這次聚會,好像每個人的話都比較少,麥子不知道是因為各懷心事還是他們已經到了無話可說的地步。如果是後者,那就太可怕了。
「我們什麼時候出去玩兒吧!」自由國度門前,大家打算各回各家各找各媽時,麥子提議道。
「小太陽最近好忙的,請假估計不會批的!」小可面露難色,尤川漾雙手插在褲兜裡聳了聳肩,沒有說話,麥子不知道他要表達的意思到底是無所謂還是無可奈何。
「那好吧!」無奈的歎氣,麥子只能看著小可和尤川漾先後離去。她突然意識到一個很悲催的事情:她竟然找不到一個可以和她相攜旅行的人。
或許,每個人有每個人的生活,她能理解,也應該理解,但這並不能讓她不失落。
開車回家,麥子剛泡完澡出來便發現外面下起了雨,並且伴著震耳欲聾的雷聲。愣愣的坐在沒有開燈的客廳,愣愣的看著黑洞洞的夜空被閃電撕開一道口子再又癒合,愣愣的感受著四周死一般的壓抑和沉寂,麥子突然覺得一個人的生活也沒有想像中那麼好。
一個小時後,大雨仍舊沒有減弱,反而有愈加增強的架勢。突然,一個驚雷炸響在頭頂,四周的黑暗隨之又濃重了幾分。麥子凝望窗外,只見不遠處剛才還亮著的窗口此刻都陷入了黑暗,心裡想著應該是停電了。起身走到門邊去開燈,果然沒有任何反應。
停電了……這又打雷又下雨的,估計小可嚇得夠嗆了吧!那女人,恐怕是世間絕無僅有的膽小鬼了。不知道她那兒是不是也停電了呢……
想到這兒,麥子本來打算回臥室的腳步突然就停了下來,想了想,還是打算去小可家走一趟。反正時間尚早她也睡不著,而且小可說不定很快就會致電給她求救,倒不如主動出現讓那小女人好好感動一番。
打定了主意,麥子便不再遲疑,一路驅車來到了小可家。從門口的地墊下拿出小可家的備用鑰匙,麥子輕手輕腳的開了門,本打算以救世主的姿態出現在楚楚可憐的小可面前,卻不料根本就沒看到人。
是不在家還是已經睡了?麥子滿腹狐疑的往臥室移動,卻在聽到臥室裡面的聲響時陡然止步,渾身上下如遭電擊瞬間一僵。

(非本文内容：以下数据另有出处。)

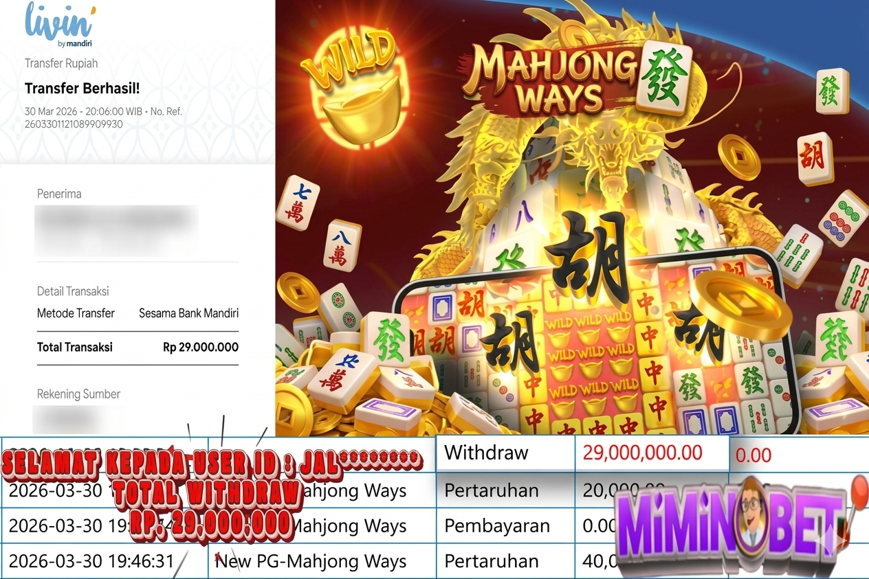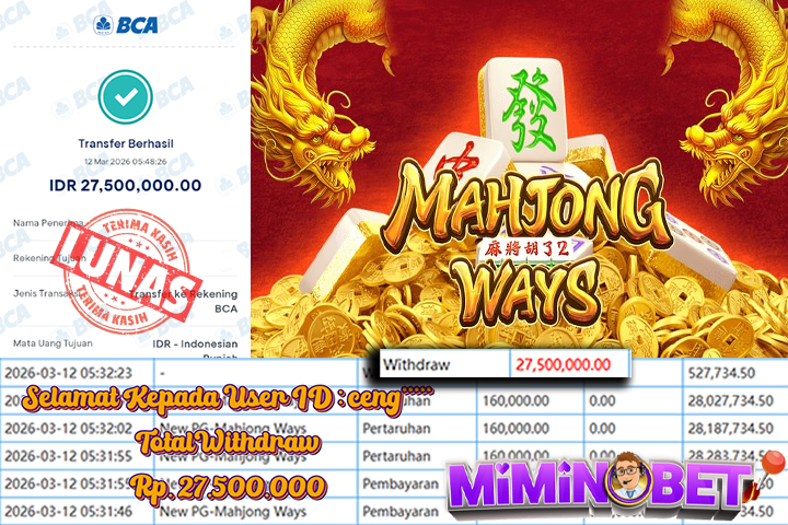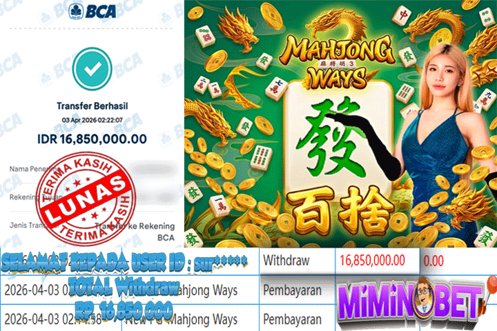 Selamat Kepada User ID : ceng**** yang berhasil mendapatkan Kemenangan besar di SLOTGAME ( New PG-Mahjong Ways ) Dengan total kemenangan yang berhasil di peroleh yaitu : Rp 44,000,000,- Bukti transfer kemenangan yang kami posting merupakan bukti yang VALID dan SAH karena di dapatkan langsung dari bukti tanda transaksi dari bank yang di tuju / bersangkutan. Kemenangan telah di proseskan setelah melakukan pengisian ( form / formulir ) withdraw. Sebelumnya kami mengucapkan selamat dan berterima kasih kepada Pemenang, karena telah mempercayai situs MIMINBET sebagai BANDAR terpercaya yang sudah membayarkan semua kemenangan member tanpa sisa hingga lunas. Jadi tunggu apa lagi bosku?! Dimana lagi anda bisa jumpai bandar slot dan togel online terbaik dan amanah seperti MIMINBET ?! Bandar yang membayar kemenangan berapa pun tanpa basa basi dan langsung sat set kelar, sat set selesai ^^ Segera bergabung dengan kami MIMINBET, yang dimana ini adalah situs TERBESAR dan TERPERCAYA , Salam JP dan Salam MIMINBET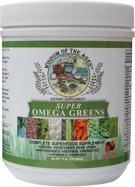 Super Omega Greens Complete Superfood Supplement with Greens, Vegetables, Flax, Fiber, Antioxidants, Enzymes, Probiotics, Vitamin C and Omega 3-7.9oz Powder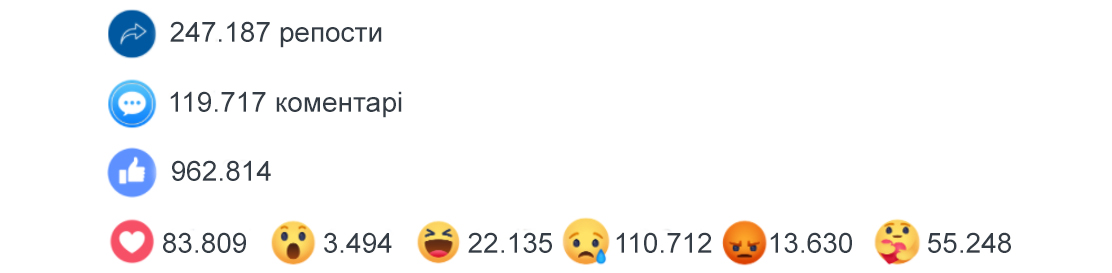 Сумарна кількість взаємодій з усіма дописами в пабліках становить 1 млн 618 тисяч 746:

這個時候,屋外的雷聲似乎在一瞬間減弱了,麥子的聽覺也跟著變得敏銳起來。房間裡,粗重的喘息聲合著陣陣嬌吟穿透門板竄進麥子的耳朵,讓她的臉不由自主的紅了起來。床榻因超負荷承受重力而發出「吱嘠吱嘠」的聲響,讓畫面想像力本來就很豐富的麥子很輕易的便在腦海中勾勒出了此刻房間內正在上演的「激戰」場景。
很明顯,即使今夜雷聲喧囂,小可也是不需要她的。
悄聲出門,麥子故作無謂的笑了笑。按原路回家,躺在柔軟的大床上,雖然屋外陣陣雷聲喧囂如初,但麥子還是很快就睡熟了。再睜開眼時,眼前竟是一個燦爛豔陽天。麥子滿心歡喜的走到窗邊,更驚覺屋外的草坪竟變成了無邊無際的花海。花香是這般熟悉,但她愣是想不出到底是什麼花了!

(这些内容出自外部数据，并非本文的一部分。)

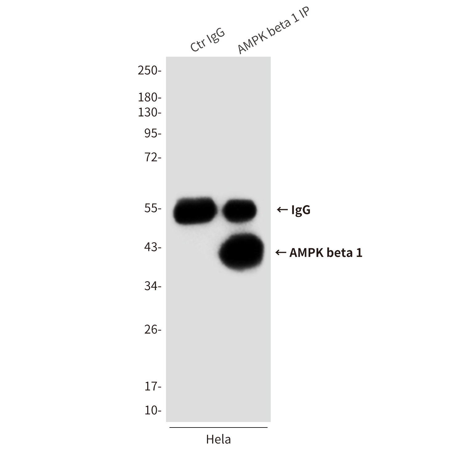 Immunoprecipitation analysis of AMPK beta 1 in Hela lysates using AMPK beta 1 antibody. |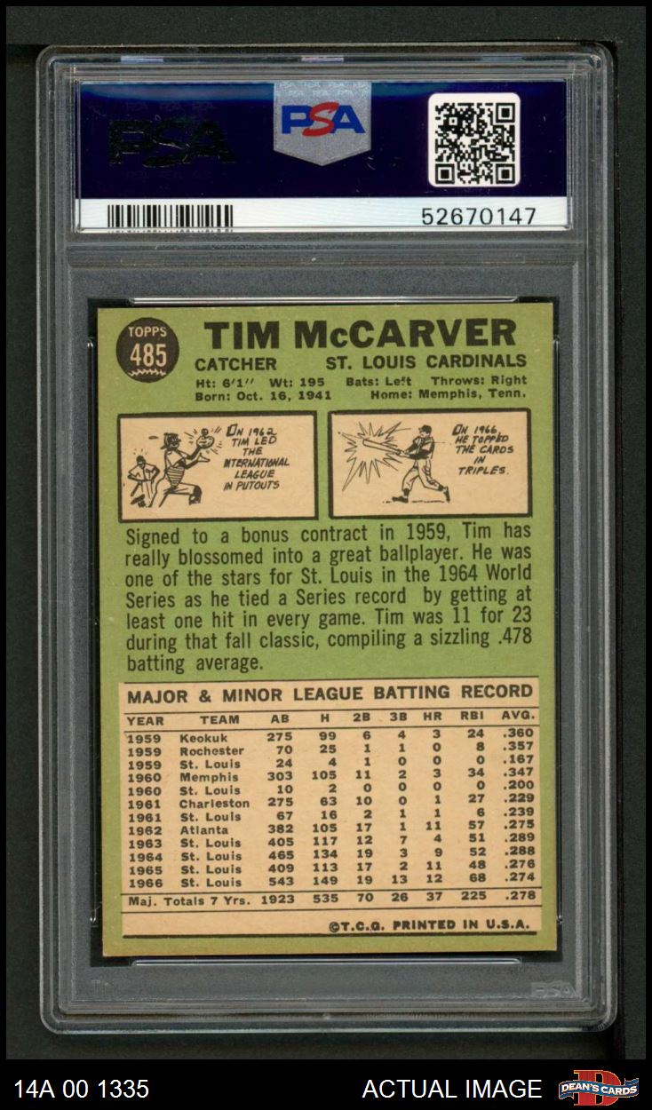 1967 Topps #485 Tim McCarver PSA 7 - NM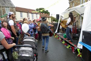 Before the day, the people of Pilton were invited to Decorate their Wellies in their gardens. They responded enthusiastically with 25 displaying wellies decorated in imaginative ways. You can see an album of the results by clicking on the image. The music side of Green Man Day has evolved over the years and again we are lucky to have some amazing acts to entertain the crowds. There was music on three stages in Pilton Street and the Open Mic Stage in the grounds of Pilton House next to the very popular Green Man Beer Tent. As usual, this year’s acts came from the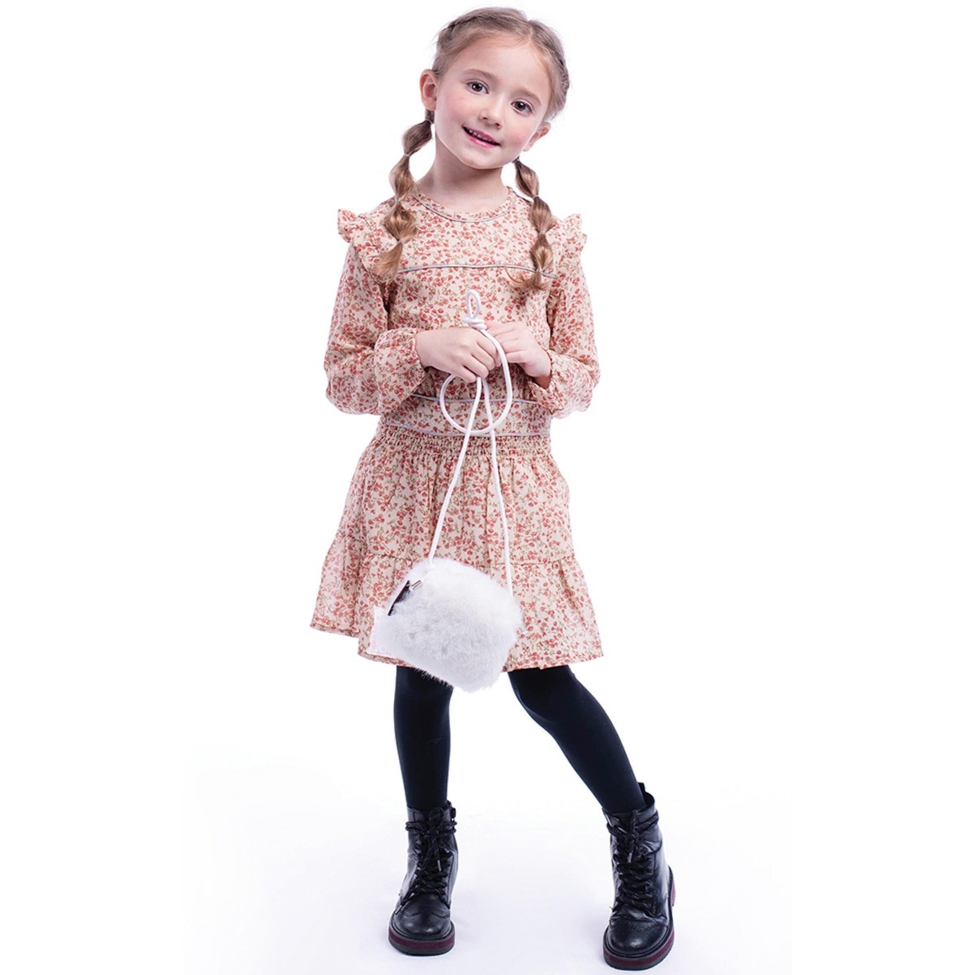 The Mindy dress is an adorable long sleeve dress featuring ruffled sleeves and cinched elastic waistline, perfect by itself or with leggings for extra warmth.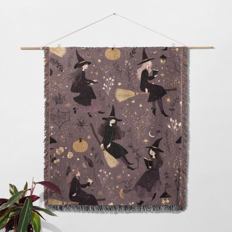 Measuring 60 × 50 inches (152 × 127 cm), this woven blanket is the perfect size for cozying up on the sofa, layering on a bed, or using as a statement wall hanging. Its versatile proportions make it both functional and decorative, ideal for seasonal or fantasy-inspired interiors.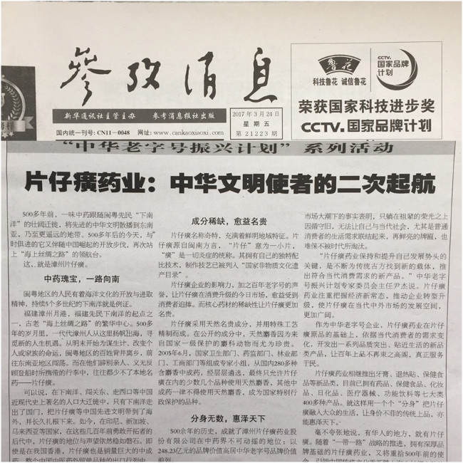 《参考消息》《片仔癀:中华文明使者的二次起航》《片仔癀:海上丝绸之路上的中国符号》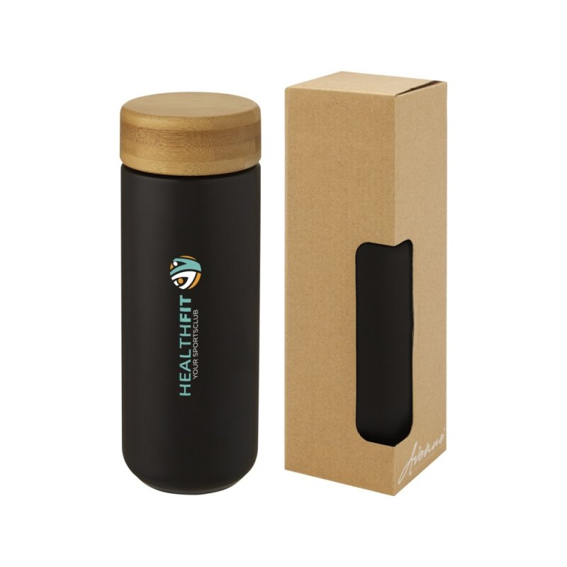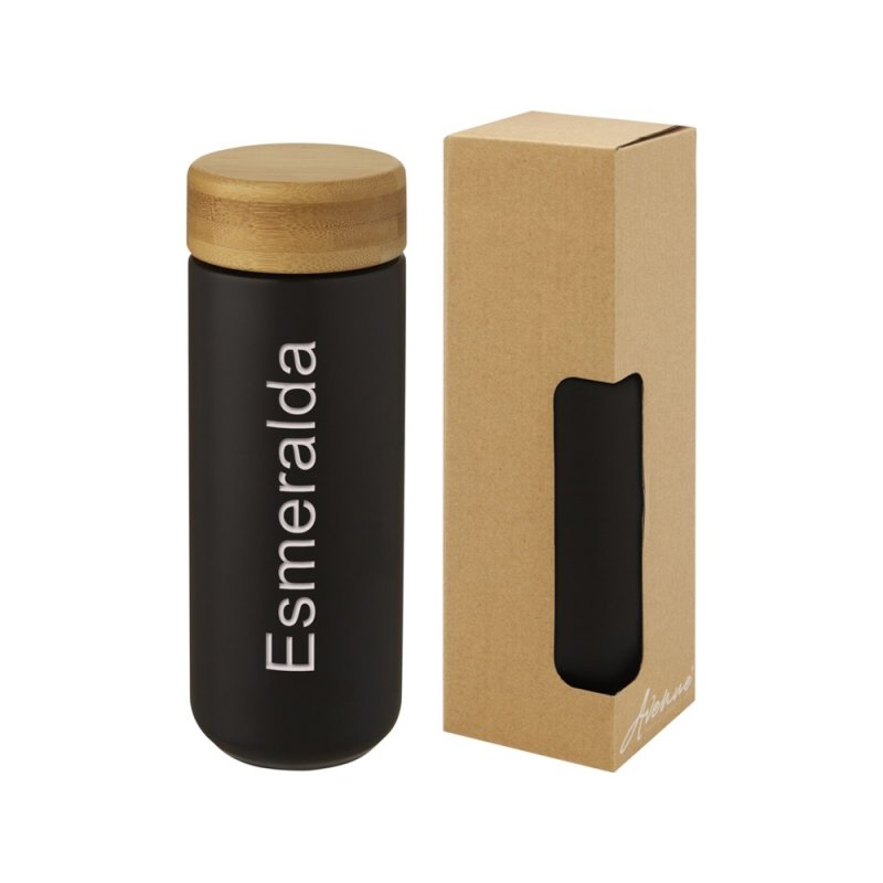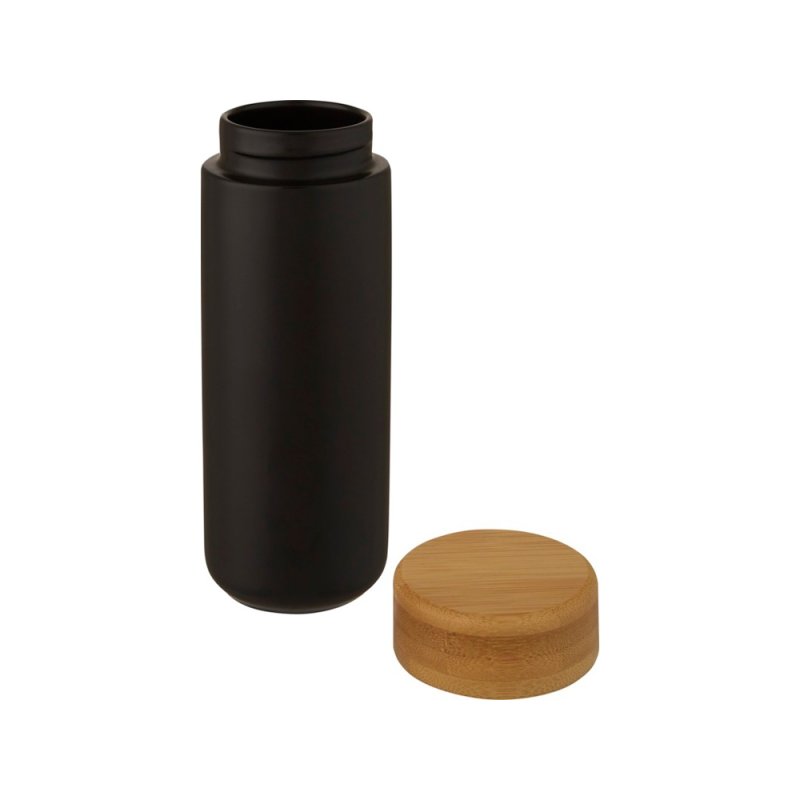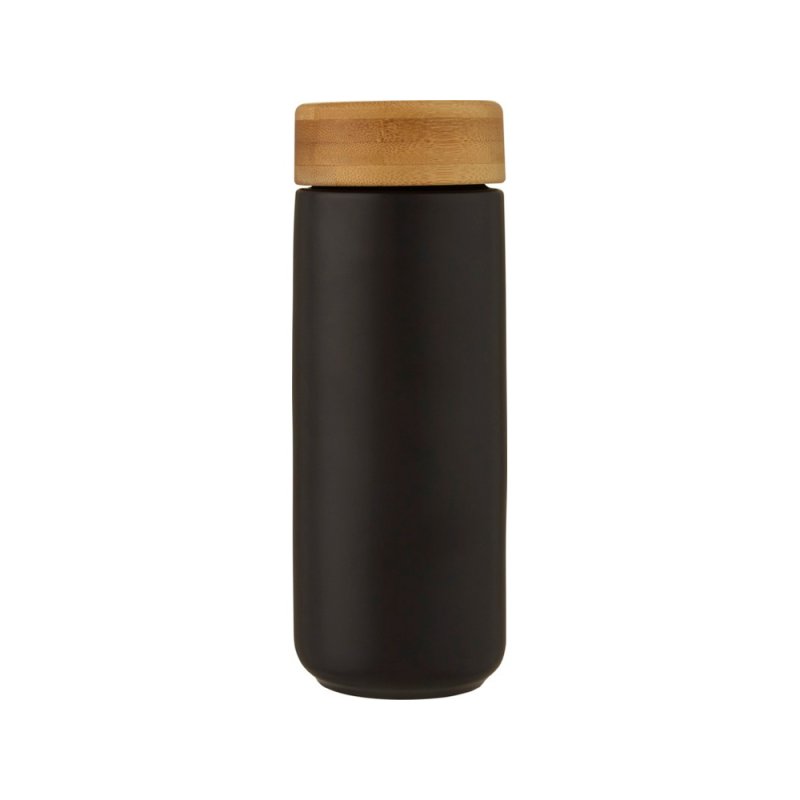 Керамическая кружка со стильной бамбуковой крышкой. Керамическая конструкция с двойными стенками помогает предотвратить образование конденсата на внешней стороне кружки. Навинчивающаяся крышка с защитой от проливания изготовлена из экологичного бамбука, отвечающего принципам экологической и социальной ответственности. Не содержит БФА, испытано и одобрено в соответствии с немецким законодательством о безопасности пищевых продуктов (LFGB). Проверена на содержание фталатов и одобрена для использования в соответствии с правилами REACH. Объем 300 мл. Рекомендуется мыть вручную. В подарочной коробке из переработанного картона.

「這是在做夢嗎?」麥子無比驚訝,本以為是夢境,但長髮隨風掠過皮膚時那微癢的觸感卻是如此的真實。「怎麼會這樣呢,昨天都還是草坪啊!」麥子不敢相信,正在想這到底是怎麼回事時,一雙有力的大手從後面環上了她的腰。
「啊!」麥子忍不住驚呼,第一個反應便是回頭。要知道,家裡從來都是只有她一個人的,莫不是進了賊了?

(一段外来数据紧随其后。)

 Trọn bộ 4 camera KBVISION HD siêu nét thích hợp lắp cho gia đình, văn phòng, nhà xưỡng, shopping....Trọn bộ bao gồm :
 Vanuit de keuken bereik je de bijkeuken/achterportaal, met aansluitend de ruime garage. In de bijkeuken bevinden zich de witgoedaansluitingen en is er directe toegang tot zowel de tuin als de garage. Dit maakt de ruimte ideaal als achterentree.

然而,不管麥子怎麼努力,頭卻始終被抵在身後人的胸膛,無法回頭,也就無從知道這人到底是誰了。麥子又氣又急,使勁掙扎,耳垂處卻突然傳來一陣溫熱。麥子的身體像是通電了一般抑制不住的微微戰慄起來,竟不知不覺的放棄了掙扎。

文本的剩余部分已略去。